BEGIN Recorded data

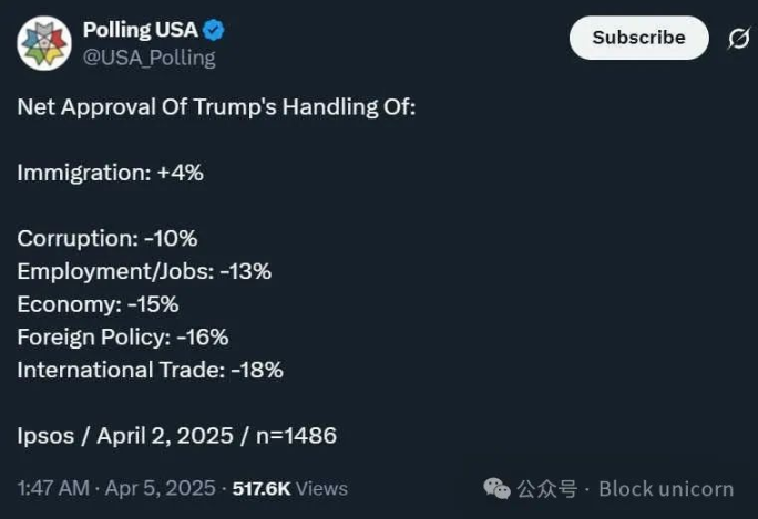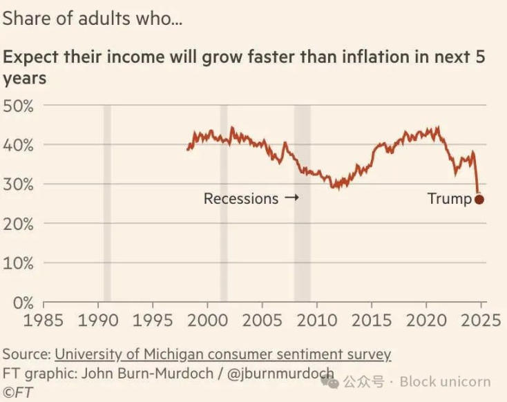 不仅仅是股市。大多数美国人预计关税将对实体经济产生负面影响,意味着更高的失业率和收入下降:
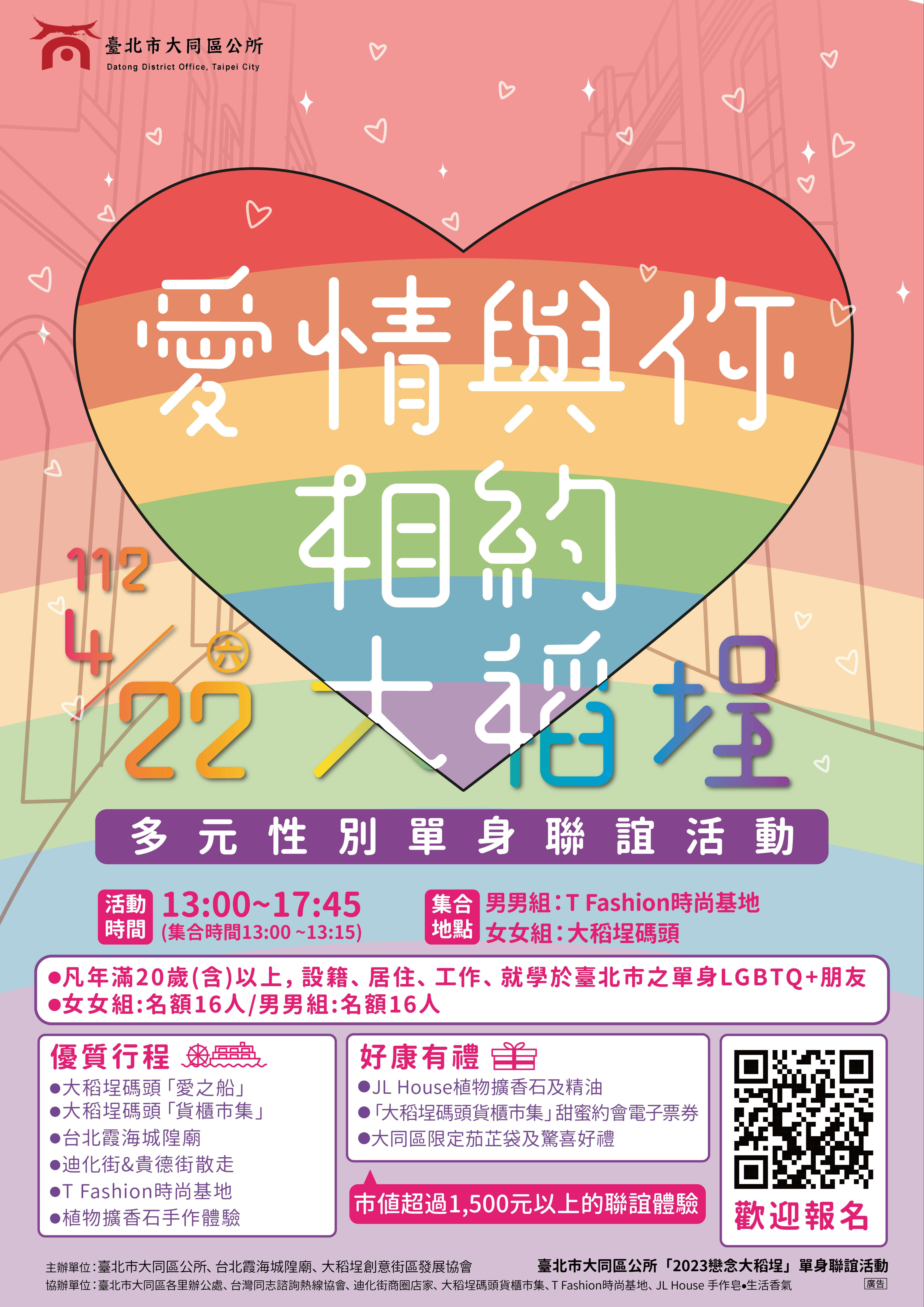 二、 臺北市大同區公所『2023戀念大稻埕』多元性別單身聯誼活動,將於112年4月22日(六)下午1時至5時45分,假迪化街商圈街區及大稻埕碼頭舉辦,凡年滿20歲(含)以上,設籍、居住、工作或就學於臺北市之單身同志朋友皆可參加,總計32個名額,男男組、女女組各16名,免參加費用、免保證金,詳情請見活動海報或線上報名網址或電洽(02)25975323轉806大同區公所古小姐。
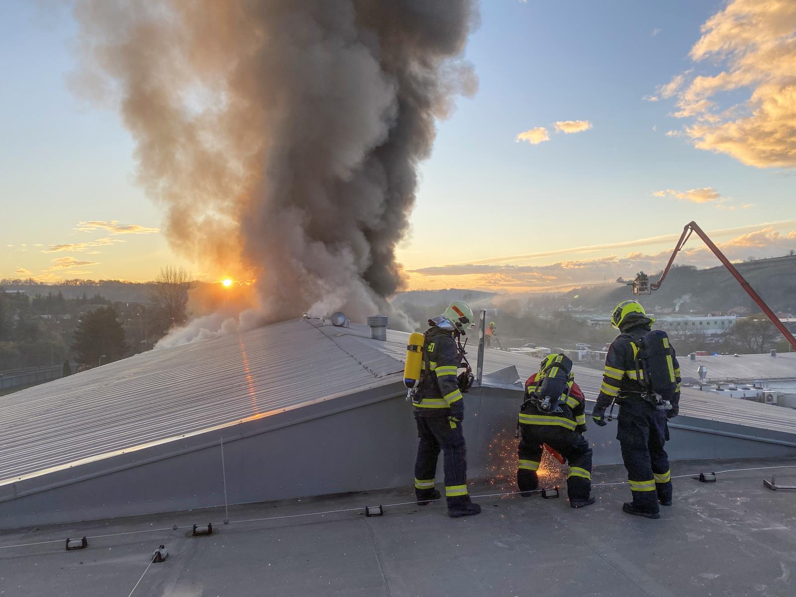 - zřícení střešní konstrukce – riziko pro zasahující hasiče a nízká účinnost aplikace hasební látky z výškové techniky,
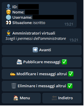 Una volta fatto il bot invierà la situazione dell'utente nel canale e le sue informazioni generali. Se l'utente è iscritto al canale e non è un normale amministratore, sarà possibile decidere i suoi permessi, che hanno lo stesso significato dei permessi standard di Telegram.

END Recorded data

* **Work to complete**:
Would you copy the lines from the one holding "二、 臺北市大同區公所『20" down to the last line of the material, both included, exactly and with nothing added, skipping the pictures?

* **Final answer**:
 二、 臺北市大同區公所『2023戀念大稻埕』多元性別單身聯誼活動,將於112年4月22日(六)下午1時至5時45分,假迪化街商圈街區及大稻埕碼頭舉辦,凡年滿20歲(含)以上,設籍、居住、工作或就學於臺北市之單身同志朋友皆可參加,總計32個名額,男男組、女女組各16名,免參加費用、免保證金,詳情請見活動海報或線上報名網址或電洽(02)25975323轉806大同區公所古小姐。
 - zřícení střešní konstrukce – riziko pro zasahující hasiče a nízká účinnost aplikace hasební látky z výškové techniky,
 Una volta fatto il bot invierà la situazione dell'utente nel canale e le sue informazioni generali. Se l'utente è iscritto al canale e non è un normale amministratore, sarà possibile decidere i suoi permessi, che hanno lo stesso significato dei permessi standard di Telegram.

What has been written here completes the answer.